# Task statement:
Would you print the lines below exactly, beginning at the line that has "Schneider Electric Mureva" and stopping after the line that has "Xin chào quý"? Only those lines, and no pictures.

# Study material:

========================================================================

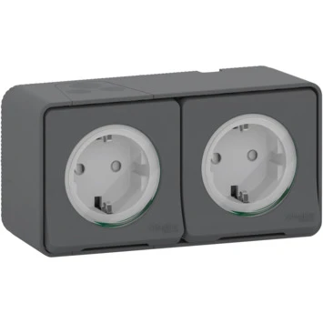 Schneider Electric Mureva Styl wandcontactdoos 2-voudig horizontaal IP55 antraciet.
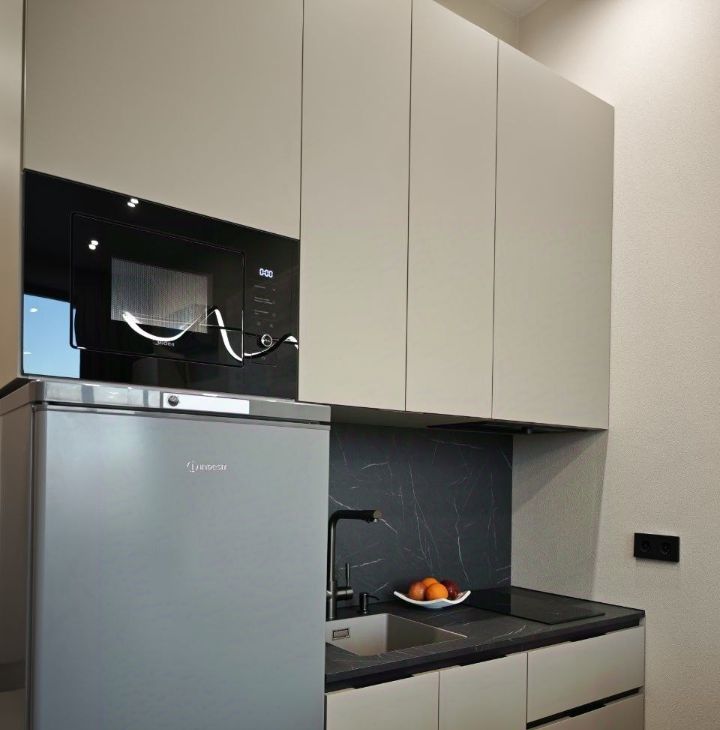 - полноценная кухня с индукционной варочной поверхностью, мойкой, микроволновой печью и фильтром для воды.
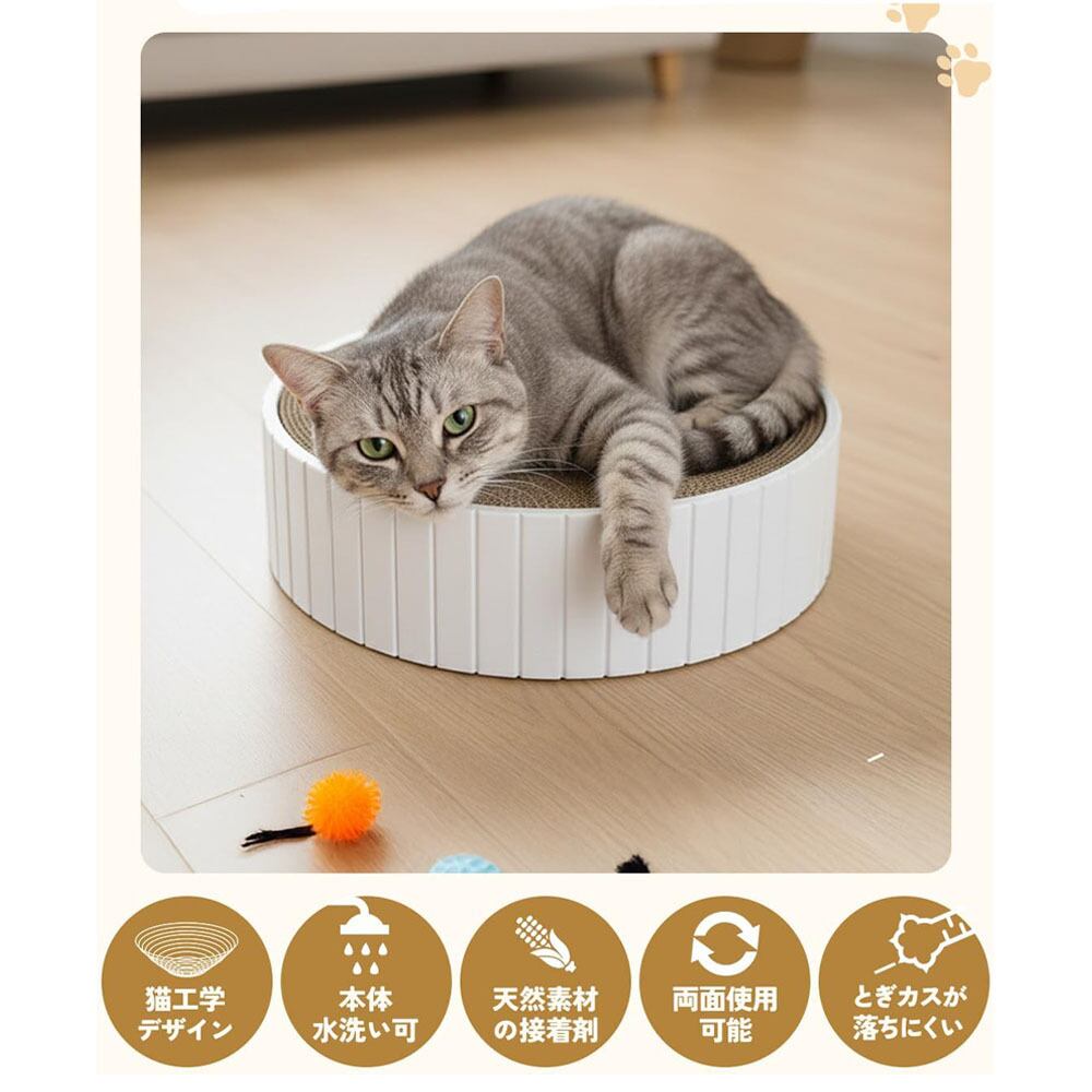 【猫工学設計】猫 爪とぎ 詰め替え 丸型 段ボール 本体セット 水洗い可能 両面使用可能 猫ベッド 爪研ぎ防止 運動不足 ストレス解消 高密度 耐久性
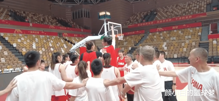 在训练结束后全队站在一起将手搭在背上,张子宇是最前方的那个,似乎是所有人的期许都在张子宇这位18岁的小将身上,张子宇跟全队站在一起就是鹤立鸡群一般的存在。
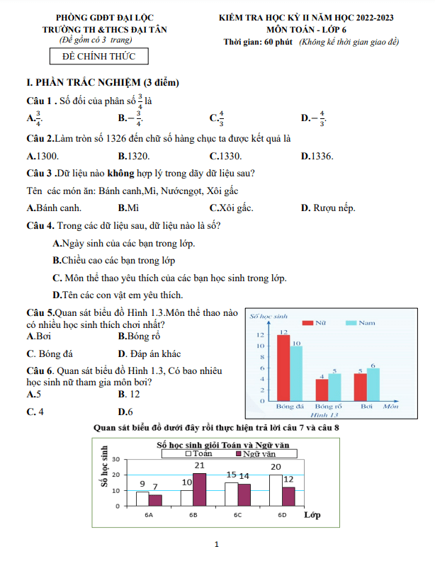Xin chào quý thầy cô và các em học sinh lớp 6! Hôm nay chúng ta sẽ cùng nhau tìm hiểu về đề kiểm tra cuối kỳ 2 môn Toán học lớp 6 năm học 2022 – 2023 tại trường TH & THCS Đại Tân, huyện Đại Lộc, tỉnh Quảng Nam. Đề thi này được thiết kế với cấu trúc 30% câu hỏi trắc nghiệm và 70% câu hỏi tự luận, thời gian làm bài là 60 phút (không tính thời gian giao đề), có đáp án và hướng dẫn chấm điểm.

========================================================================

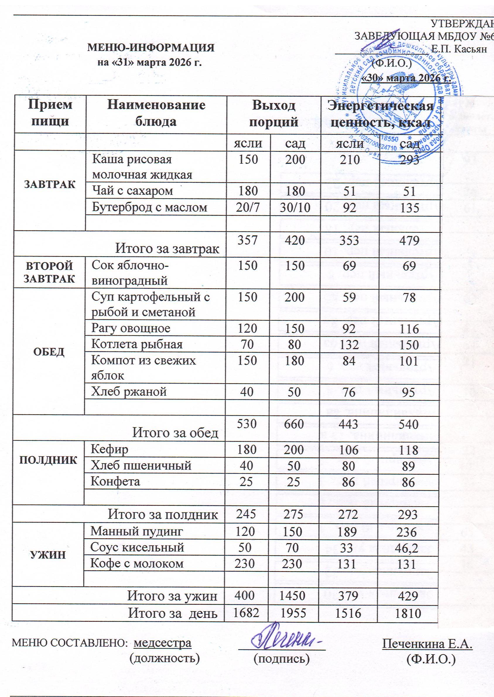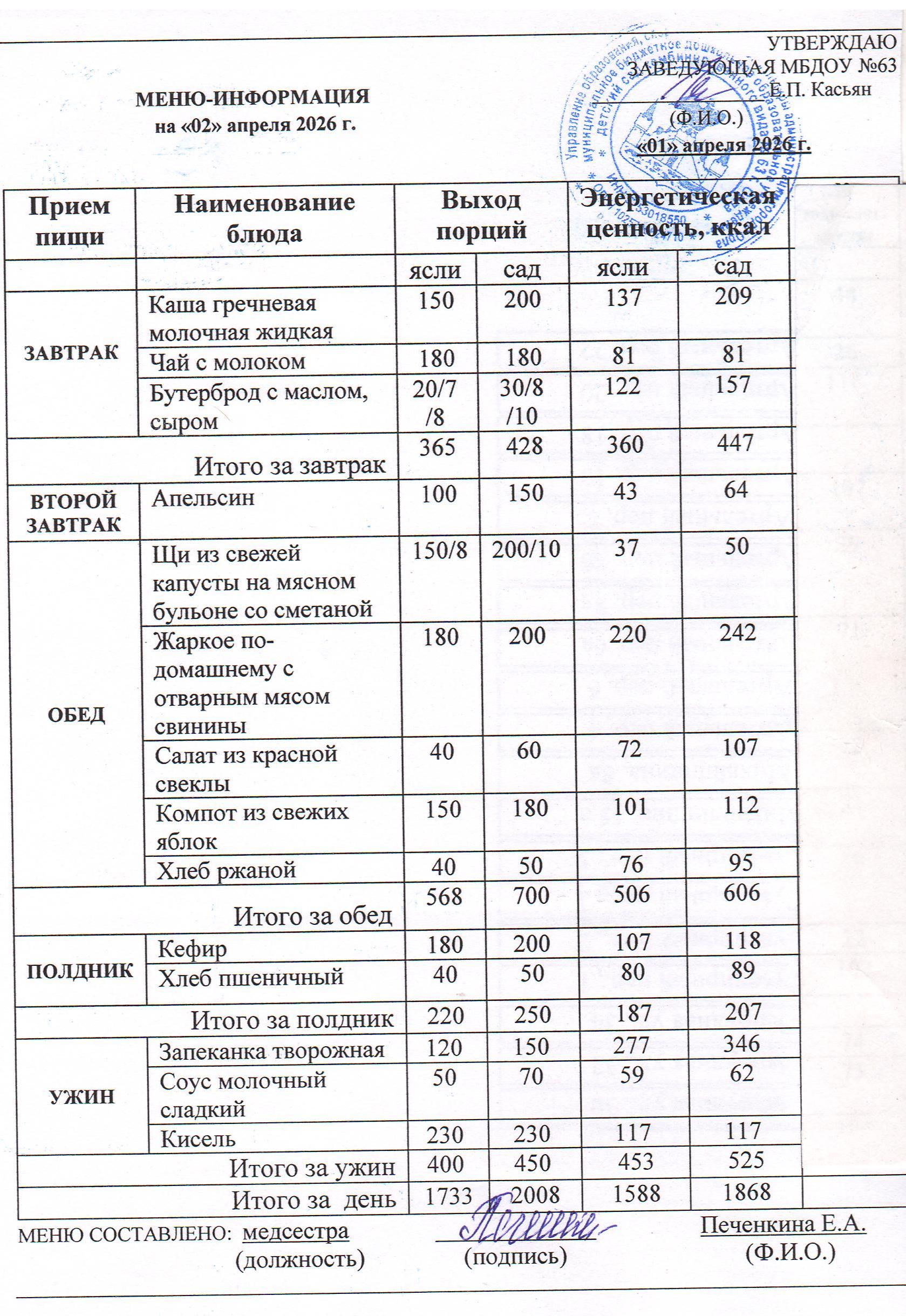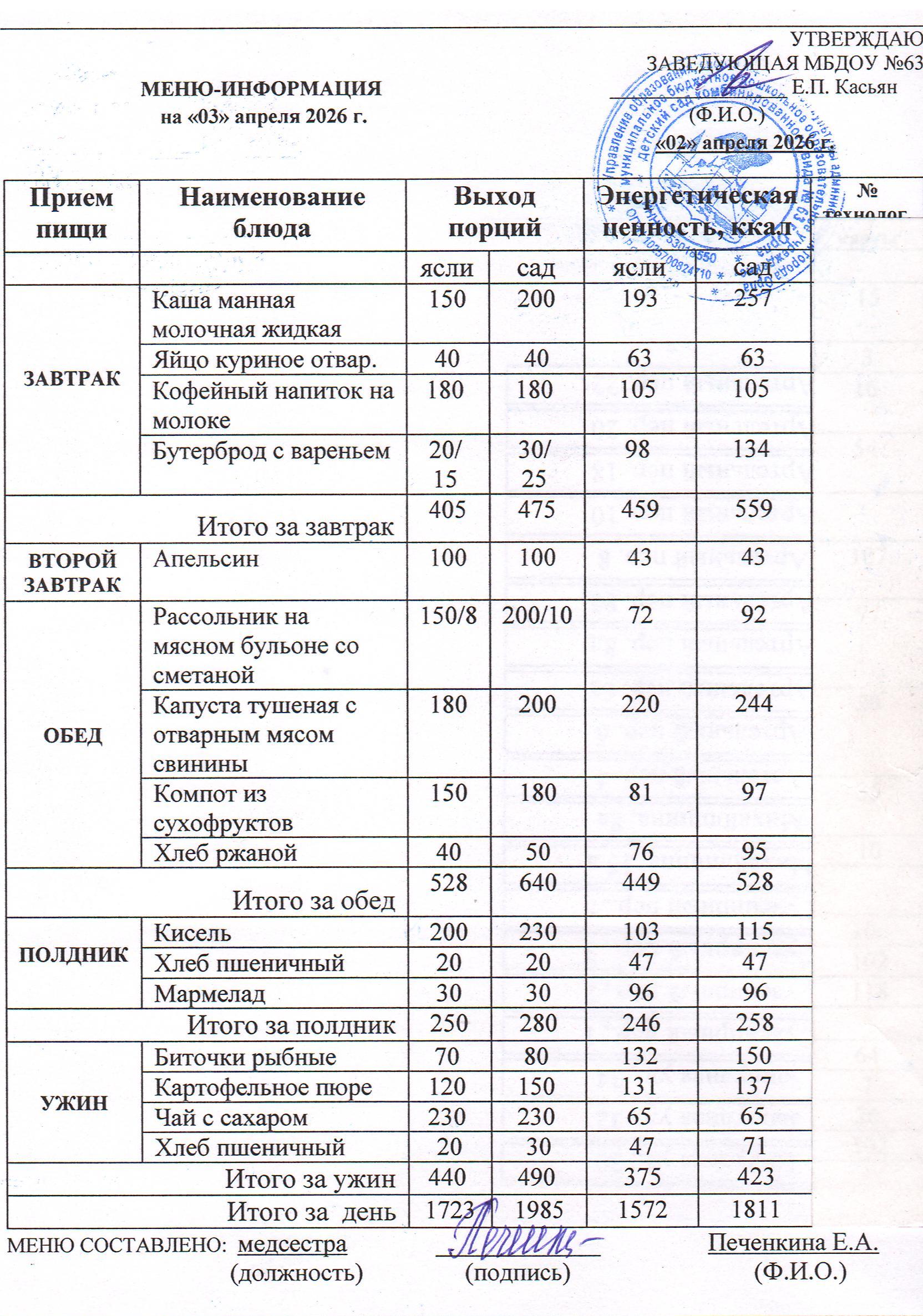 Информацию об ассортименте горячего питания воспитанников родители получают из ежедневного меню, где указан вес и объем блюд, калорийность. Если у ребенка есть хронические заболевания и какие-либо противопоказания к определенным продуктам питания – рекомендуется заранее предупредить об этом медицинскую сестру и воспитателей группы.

========================================================================

# Answer:
 Schneider Electric Mureva Styl wandcontactdoos 2-voudig horizontaal IP55 antraciet.
 - полноценная кухня с индукционной варочной поверхностью, мойкой, микроволновой печью и фильтром для воды.
 【猫工学設計】猫 爪とぎ 詰め替え 丸型 段ボール 本体セット 水洗い可能 両面使用可能 猫ベッド 爪研ぎ防止 運動不足 ストレス解消 高密度 耐久性
 在训练结束后全队站在一起将手搭在背上,张子宇是最前方的那个,似乎是所有人的期许都在张子宇这位18岁的小将身上,张子宇跟全队站在一起就是鹤立鸡群一般的存在。
Xin chào quý thầy cô và các em học sinh lớp 6! Hôm nay chúng ta sẽ cùng nhau tìm hiểu về đề kiểm tra cuối kỳ 2 môn Toán học lớp 6 năm học 2022 – 2023 tại trường TH & THCS Đại Tân, huyện Đại Lộc, tỉnh Quảng Nam. Đề thi này được thiết kế với cấu trúc 30% câu hỏi trắc nghiệm và 70% câu hỏi tự luận, thời gian làm bài là 60 phút (không tính thời gian giao đề), có đáp án và hướng dẫn chấm điểm.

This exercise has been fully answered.